没想到脚下被什么东西绊住,重心前移,一个踉跄,身子扑倒在门槛上。
后面的人都扑上来,有压腿的,有压背的,有压手臂的,胸口又被门槛抵着,疼痛加上无法呼吸,有人又朝他嘴里塞花椒,一下把他麻得昏昏戳戳,失去了知觉。
邢毅醒来时天麻麻黑了。
他看清自己躺在一张木床上,试着动了一下,臂膀一阵疼痛,但是能坐起来,还可以走几步。
门打不开,从外面锁上了。
他张嘴,没喊出声,嘴巴舌头不听指挥,还是麻木的。
他使劲吐口水,想把花椒的余味吐掉。
门外的人有动作,从外面把灯拉亮了,靠近门板,低声问:“你好点了吗?”
“你,是,谁?”
“我是小穆呀。

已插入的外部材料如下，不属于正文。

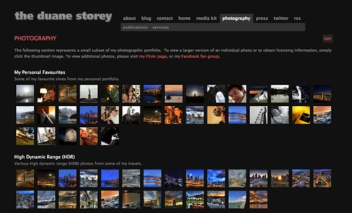 I’m really not sure the best way to integrate Twitter at this point. Given the amount of Tweets I do in a typical day, it’s really not very useful to have them in a list anywhere. I might figure out a way to do something with the Twitter favourite system and have only those Tweets shown somewhere. I’m also probably going to put some type of FriendFeed or LifeStream on my main page, such that it represents a snapshot of everything I’ve been doing. I’d also like to find a way to merge Flickr and SmugMug, such that someone viewing a Flickr photo would be presented with a “Buy Photo” which would redirect them to the same photo on SmugMug. I’m pretty sure I can come up with some clever tagging system to make that work.

”
门开一道缝,递进来一个杯子。
他看见了小穆的脸孔,接了杯子,接连漱了几口,感觉好些,可以说话了。
小穆又递了两次水。
“你还痛不痛?”
“痛的,下手真狠,他们人呢?”
又递来一包药末。
“你吞了它,跌打损伤特效。”
“不要。”
“是我爷爷传下来的,我不会害你,你试一试嘛。”
邢毅接了,没有喝,问:“他们这样对我,已经犯法了,你知道吗?”
“……”
“这里就你一个人?”
“嗯,半个小时后有人来换。”
“你先开门,放我出去。”
“我不敢。”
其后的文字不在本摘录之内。